Such a conjectural history serves to motivate assumptions about the structure
of a free-banking system. My 1988 book, The Theory of Free
Banking, and my 1994 Economic Journal article "Free
Banking and Monetary Control" (JSTOR link) explore the
determinants of the supply of bank money under free banking. My Cato
Journal article, "Legal
Restrictions, Financial Weakening, and the Lender of Last Resort"

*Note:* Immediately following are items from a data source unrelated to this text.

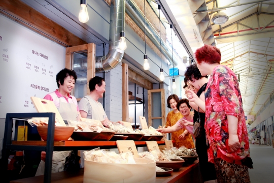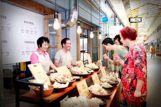 20일 대인시장 '막둥이한과' 이해성 사장 부부(왼쪽)가 새롭게 디자인된 점포에서 한과를 판매하고 있다.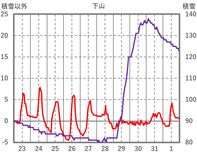 | 日 | 時 | 気温 | 降水 | 風向/風速 | 日照 | 積雪 | 降雪 |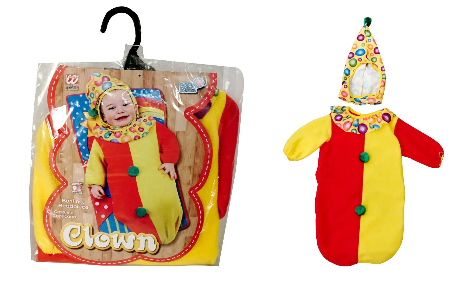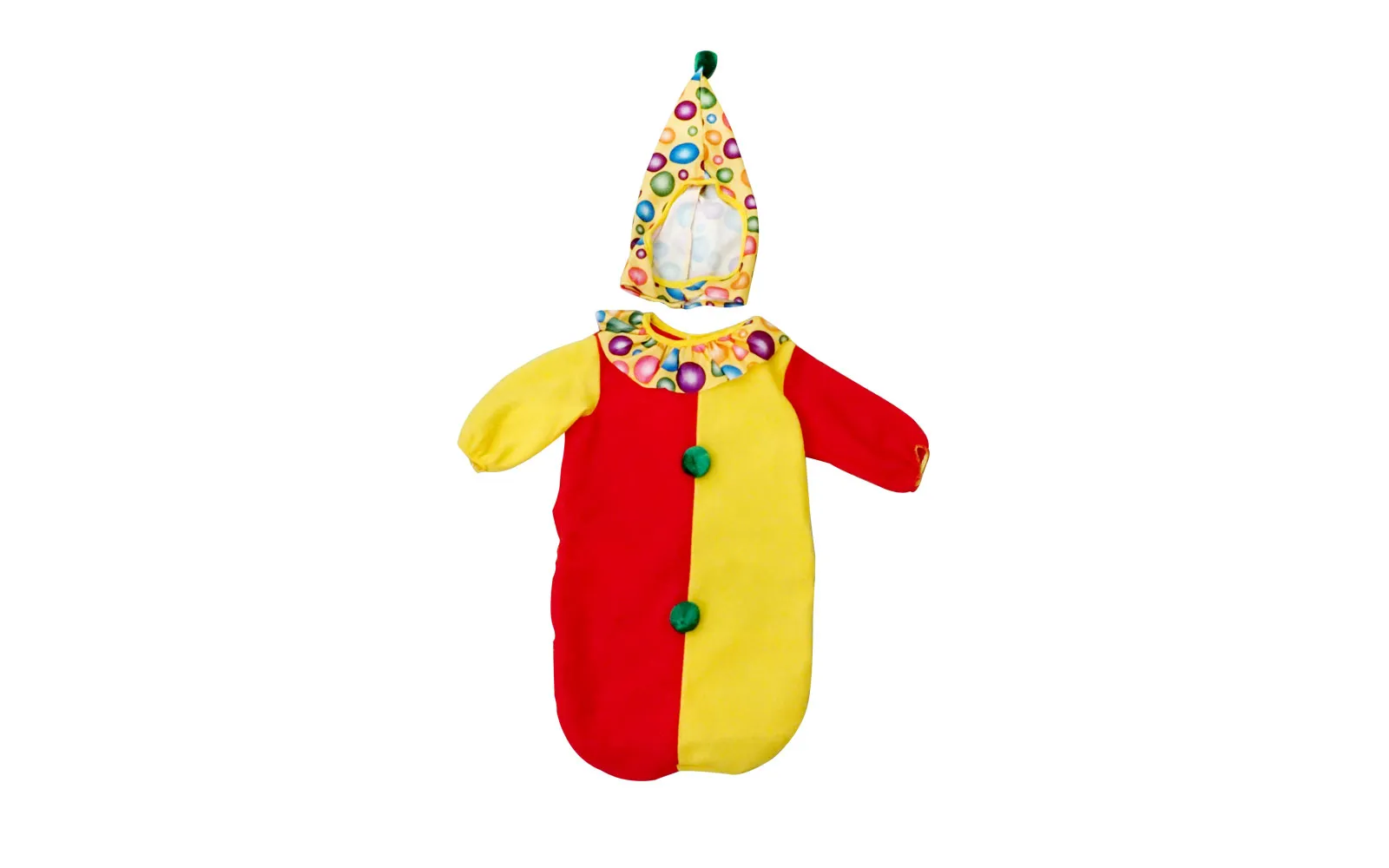 Kostim klauna za najmlađe uključuje kostim i kapicu. Za djecu do 9. mjeseca starosti.

and my 1994 Critical Review article, "Are Banking Crises Free
Market Phenomena?" dispute the claim that banking panics are a problem
inherent to fractional reserve banking, and propose a "legal
restrictions" alternative the the conventional theory of banking
panics. My article, "In Defense of Bank Suspension," for the Journal
of Financial Services Research, argues (contra. Diamond and Dybvig) that,
in the rare event of a general run on a free banking system, solvent banks
could protect themselves without harming their customers by exercizing a
contractual right to suspend payments. Finally, my and Lawrence White's
1994 Journal of Economic Literature article, "How
Would the Invisible Hand Handle Money?" (JSTOR link) surveys
pre-1994 writings on monetary laissez faire. This article as well as most of
the other articles mentioned above are gathered, with an introduction, in my
1996 book, Bank
Deregulation and Monetary Order. (Check my C.V. for details, including the locations of
individual articles.) While my research
treats fractional-reserve banking as a potentially stable and largely
beneficial market-based institutional arrangement, some (though not all)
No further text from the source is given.